Exercise requirements: The pictures in the data below are to be omitted; all else must be duplicated exactly.

Source data:
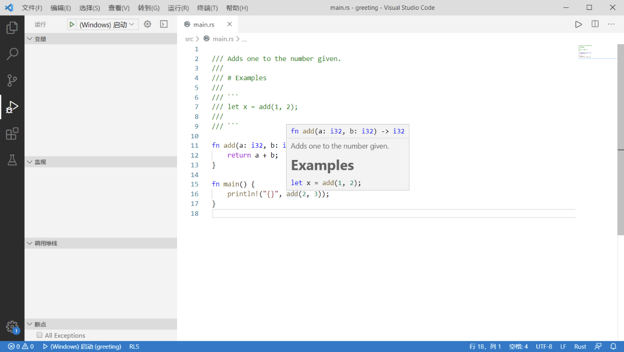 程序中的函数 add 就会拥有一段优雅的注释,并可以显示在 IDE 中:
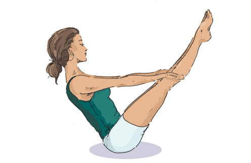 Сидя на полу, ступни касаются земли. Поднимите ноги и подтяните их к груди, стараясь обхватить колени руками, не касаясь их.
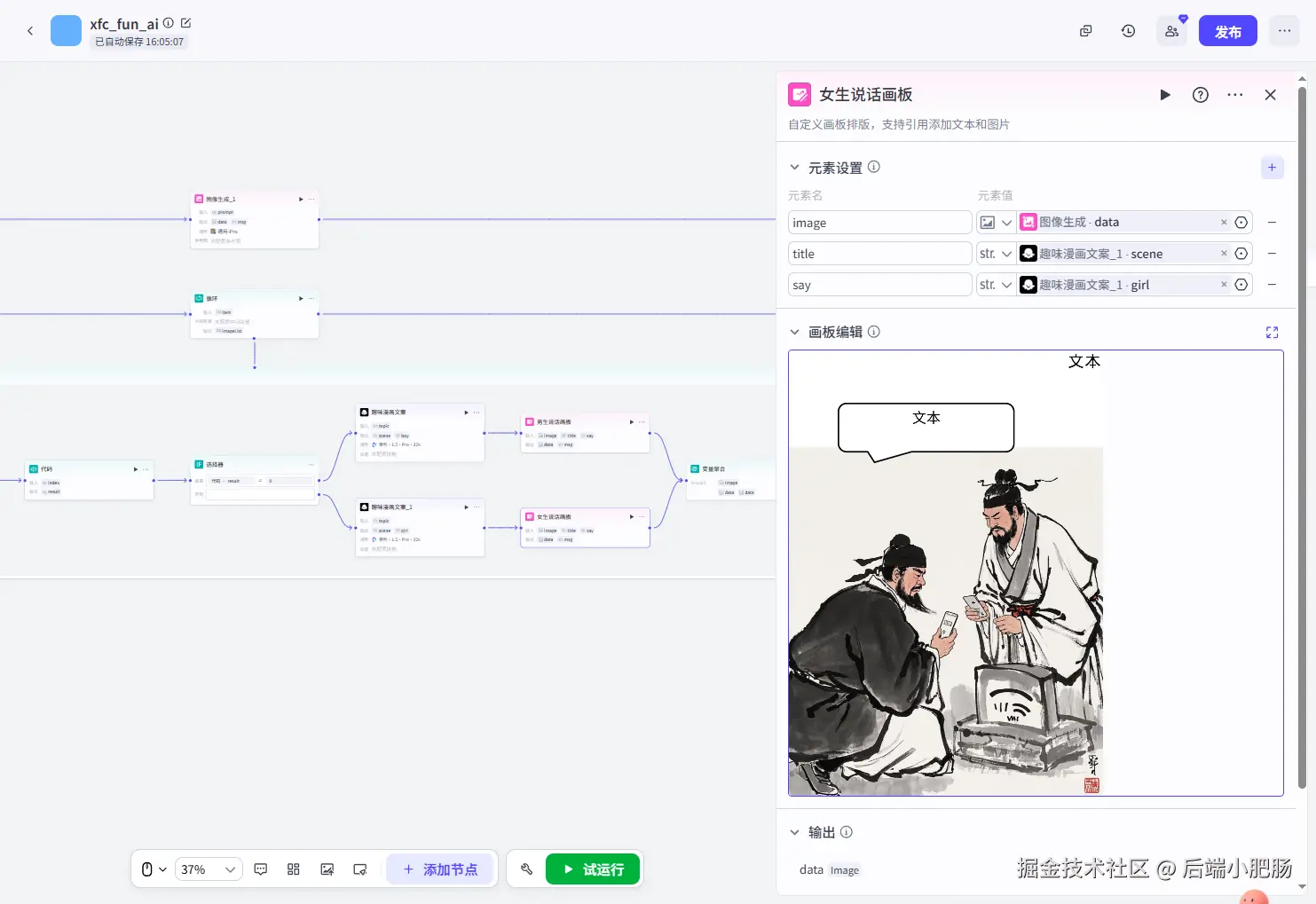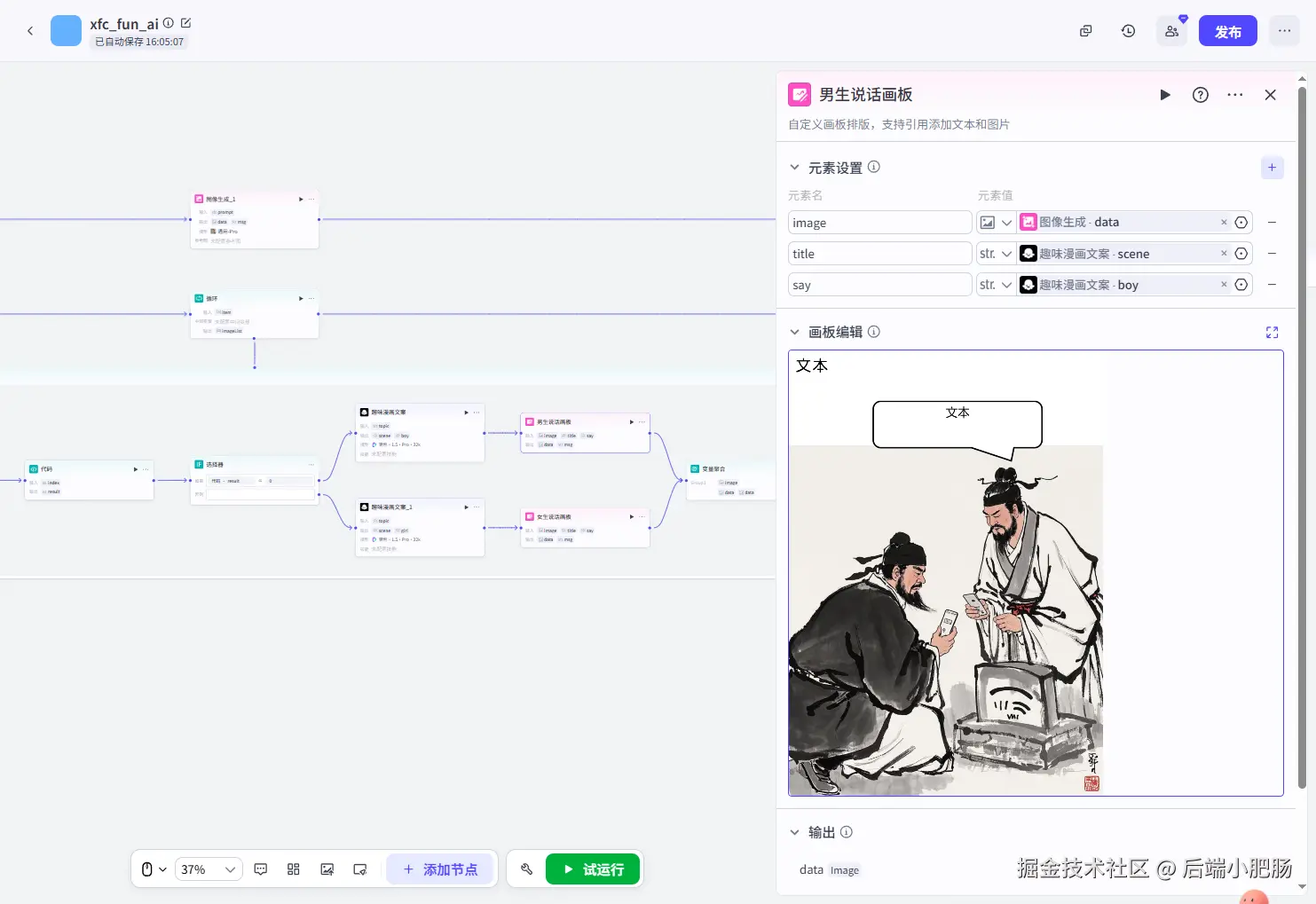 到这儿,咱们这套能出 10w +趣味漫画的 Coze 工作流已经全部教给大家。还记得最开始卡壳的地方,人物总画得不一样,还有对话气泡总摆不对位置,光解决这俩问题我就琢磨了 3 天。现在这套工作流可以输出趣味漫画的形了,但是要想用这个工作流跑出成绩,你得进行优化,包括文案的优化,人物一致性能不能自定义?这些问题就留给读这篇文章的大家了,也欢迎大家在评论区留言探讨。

Your response:
 程序中的函数 add 就会拥有一段优雅的注释,并可以显示在 IDE 中:
 Сидя на полу, ступни касаются земли. Поднимите ноги и подтяните их к груди, стараясь обхватить колени руками, не касаясь их.
 到这儿,咱们这套能出 10w +趣味漫画的 Coze 工作流已经全部教给大家。还记得最开始卡壳的地方,人物总画得不一样,还有对话气泡总摆不对位置,光解决这俩问题我就琢磨了 3 天。现在这套工作流可以输出趣味漫画的形了,但是要想用这个工作流跑出成绩,你得进行优化,包括文案的优化,人物一致性能不能自定义?这些问题就留给读这篇文章的大家了,也欢迎大家在评论区留言探讨。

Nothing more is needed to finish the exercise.